■ **EXERCISE**
Range to copy from the entries below: the line containing "Total ion chromatograms" through the line containing "補修費支払い領収書(猫ちゃん", inclusive. Retype only those lines, exactly, without any images.

(Beginning of DATA RECORDS)

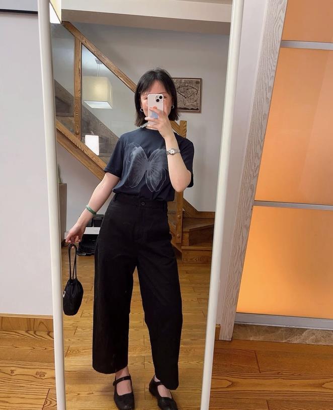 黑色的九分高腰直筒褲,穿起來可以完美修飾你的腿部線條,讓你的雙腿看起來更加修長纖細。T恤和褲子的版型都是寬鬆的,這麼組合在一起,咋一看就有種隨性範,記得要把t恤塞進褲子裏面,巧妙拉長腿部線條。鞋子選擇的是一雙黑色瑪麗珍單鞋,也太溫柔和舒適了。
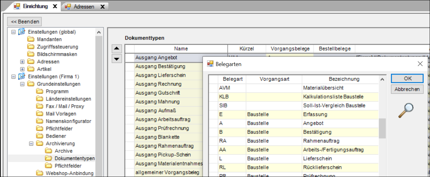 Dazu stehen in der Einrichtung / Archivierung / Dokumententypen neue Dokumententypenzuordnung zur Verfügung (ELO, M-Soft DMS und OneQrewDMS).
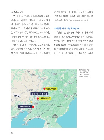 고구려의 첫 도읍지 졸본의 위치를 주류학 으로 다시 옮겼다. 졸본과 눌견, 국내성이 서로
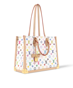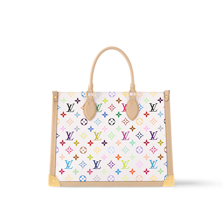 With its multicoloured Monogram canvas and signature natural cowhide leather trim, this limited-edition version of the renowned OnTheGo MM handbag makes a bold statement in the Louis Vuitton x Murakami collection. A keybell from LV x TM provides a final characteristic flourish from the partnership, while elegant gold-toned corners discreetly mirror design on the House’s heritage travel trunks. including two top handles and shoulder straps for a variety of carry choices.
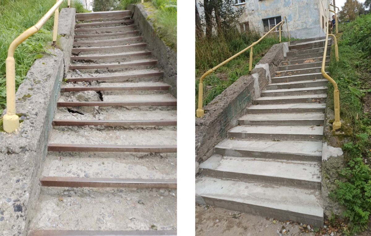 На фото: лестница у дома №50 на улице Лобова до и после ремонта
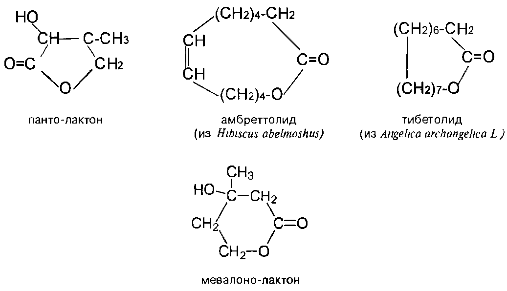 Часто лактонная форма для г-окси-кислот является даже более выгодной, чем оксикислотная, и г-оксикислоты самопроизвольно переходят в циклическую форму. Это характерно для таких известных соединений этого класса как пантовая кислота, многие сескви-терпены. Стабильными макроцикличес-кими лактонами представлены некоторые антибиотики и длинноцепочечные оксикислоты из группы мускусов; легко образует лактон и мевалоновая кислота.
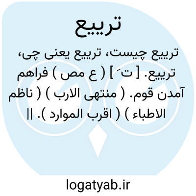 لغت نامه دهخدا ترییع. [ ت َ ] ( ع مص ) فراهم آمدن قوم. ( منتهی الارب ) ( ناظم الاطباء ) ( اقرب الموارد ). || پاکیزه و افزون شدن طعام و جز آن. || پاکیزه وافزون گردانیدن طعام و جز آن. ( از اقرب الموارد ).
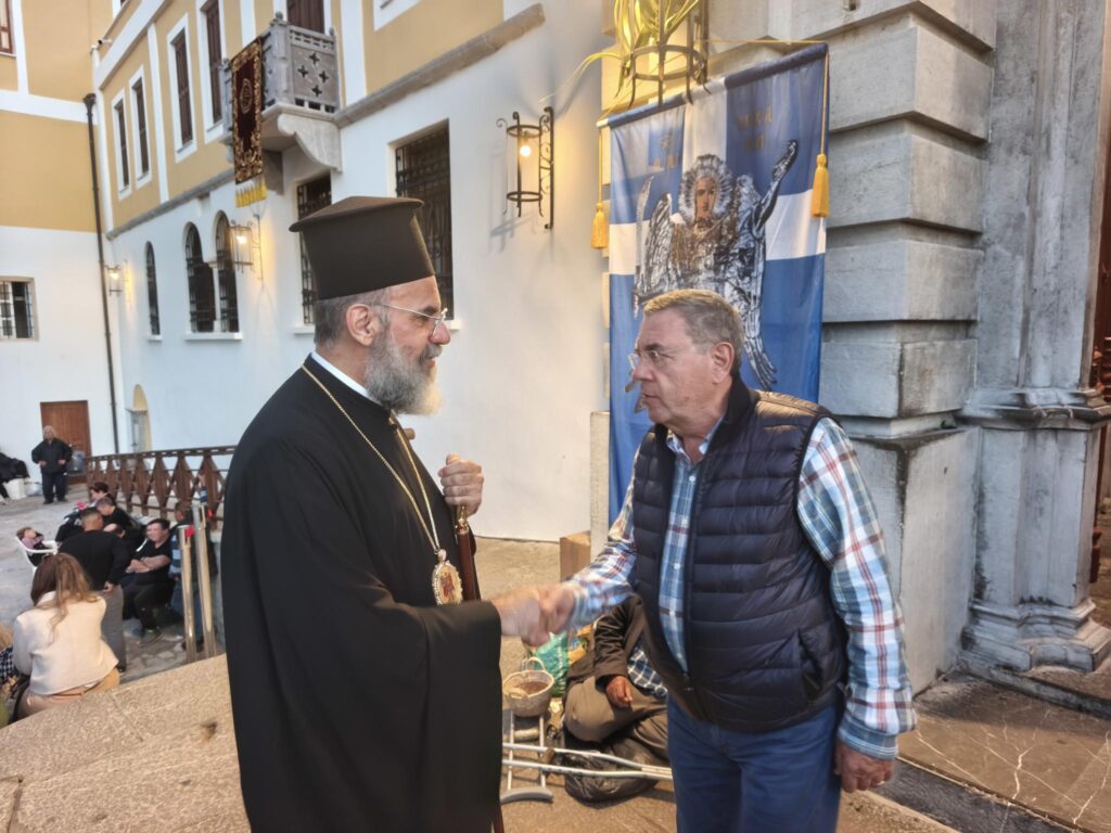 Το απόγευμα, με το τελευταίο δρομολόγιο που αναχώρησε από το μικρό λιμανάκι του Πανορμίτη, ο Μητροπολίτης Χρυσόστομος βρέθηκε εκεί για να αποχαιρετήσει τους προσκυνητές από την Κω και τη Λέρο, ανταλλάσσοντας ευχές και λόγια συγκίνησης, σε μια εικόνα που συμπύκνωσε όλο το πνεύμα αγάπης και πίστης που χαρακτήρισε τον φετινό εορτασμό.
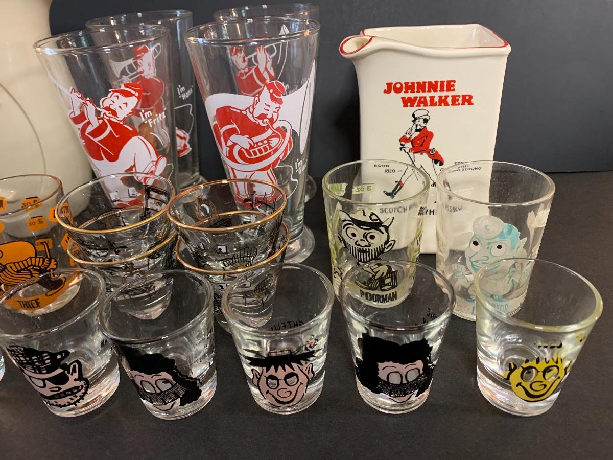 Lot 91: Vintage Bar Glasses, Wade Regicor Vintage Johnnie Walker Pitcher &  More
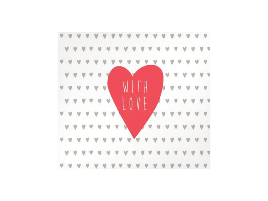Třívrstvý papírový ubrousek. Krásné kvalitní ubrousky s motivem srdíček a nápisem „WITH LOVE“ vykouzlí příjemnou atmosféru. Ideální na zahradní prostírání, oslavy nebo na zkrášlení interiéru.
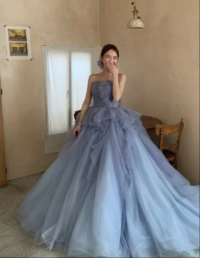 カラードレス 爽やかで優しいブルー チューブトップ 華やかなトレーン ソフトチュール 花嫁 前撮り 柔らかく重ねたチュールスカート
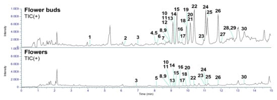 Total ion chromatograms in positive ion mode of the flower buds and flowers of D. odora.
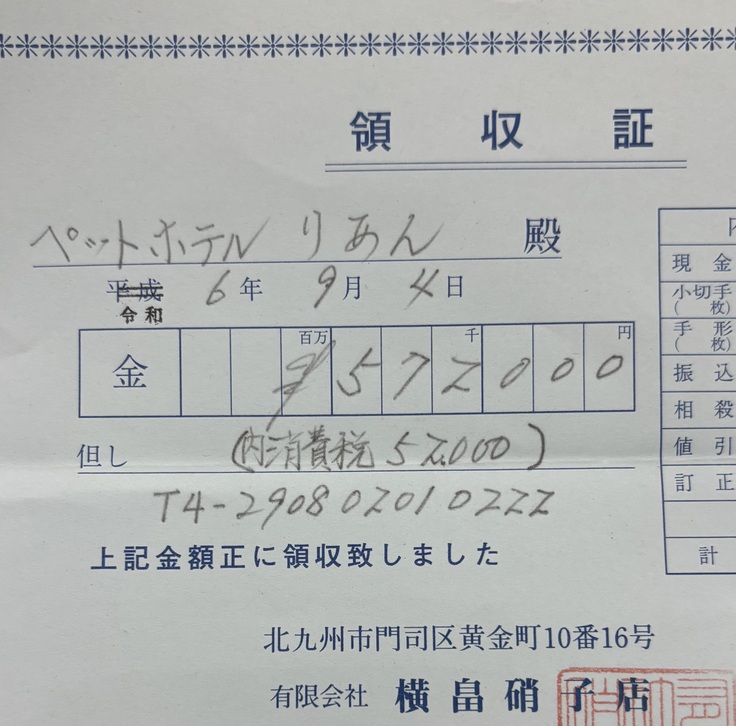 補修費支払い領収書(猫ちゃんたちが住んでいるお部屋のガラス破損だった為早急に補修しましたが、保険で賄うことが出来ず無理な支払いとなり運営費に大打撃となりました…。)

(End of DATA RECORDS)
(Beginning of DATA RECORDS)

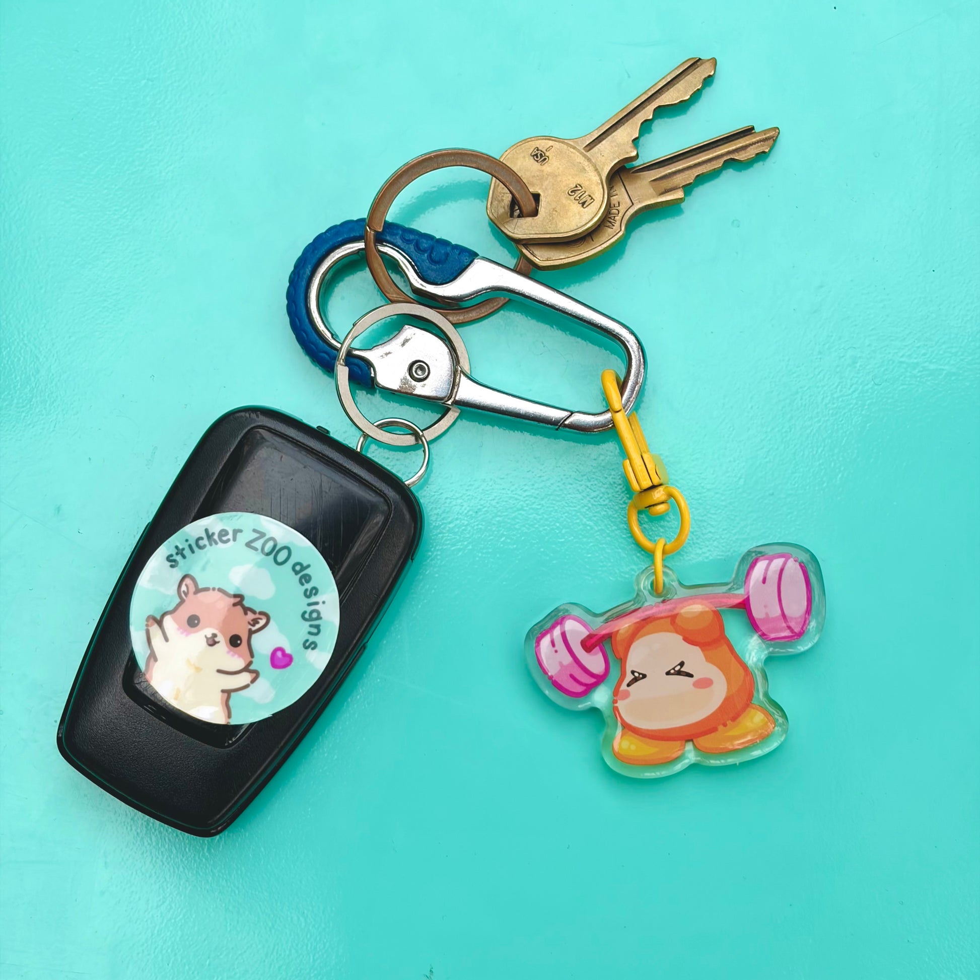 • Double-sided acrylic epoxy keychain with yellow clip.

(End of DATA RECORDS)

■ **ANSWER BOX**
 Total ion chromatograms in positive ion mode of the flower buds and flowers of D. odora.
 補修費支払い領収書(猫ちゃんたちが住んでいるお部屋のガラス破損だった為早急に補修しましたが、保険で賄うことが出来ず無理な支払いとなり運営費に大打撃となりました…。)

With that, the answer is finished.